Source records.
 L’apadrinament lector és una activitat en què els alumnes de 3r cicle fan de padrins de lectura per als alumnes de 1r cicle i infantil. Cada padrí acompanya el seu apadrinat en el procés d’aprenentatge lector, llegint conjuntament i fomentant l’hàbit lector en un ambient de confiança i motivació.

==

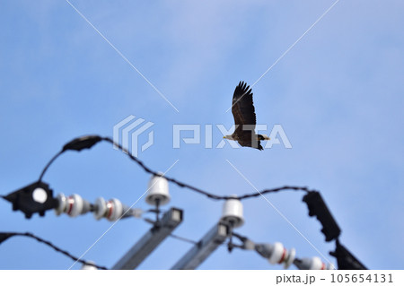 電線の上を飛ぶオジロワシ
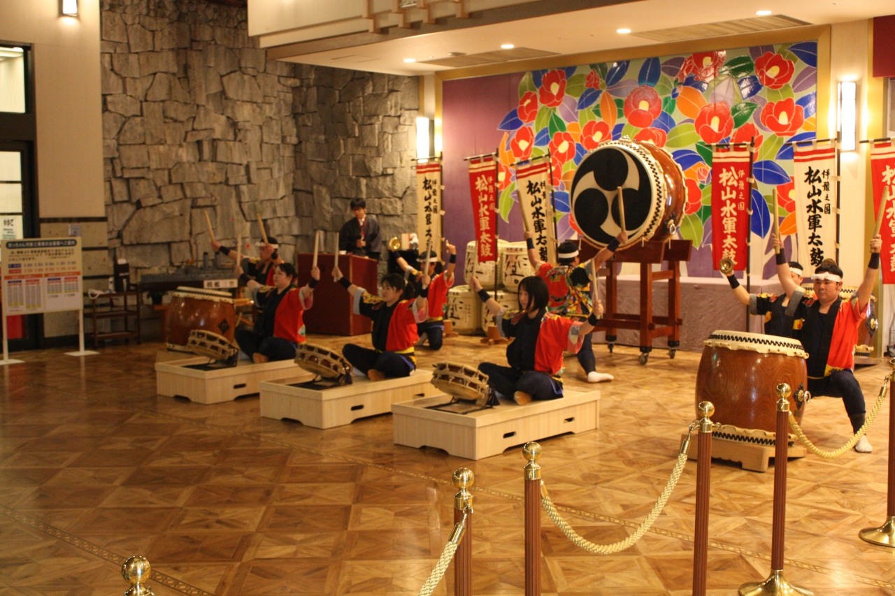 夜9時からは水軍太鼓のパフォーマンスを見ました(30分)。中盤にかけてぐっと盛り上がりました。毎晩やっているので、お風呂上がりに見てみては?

What you will do.
Look above for the line with "電線の上を飛ぶオジロワシ" and copy exactly from it through the line with "夜9時からは水軍太鼓のパフォ", both included. Omit the pictures.

Finished task.
 電線の上を飛ぶオジロワシ
 夜9時からは水軍太鼓のパフォーマンスを見ました(30分)。中盤にかけてぐっと盛り上がりました。毎晩やっているので、お風呂上がりに見てみては?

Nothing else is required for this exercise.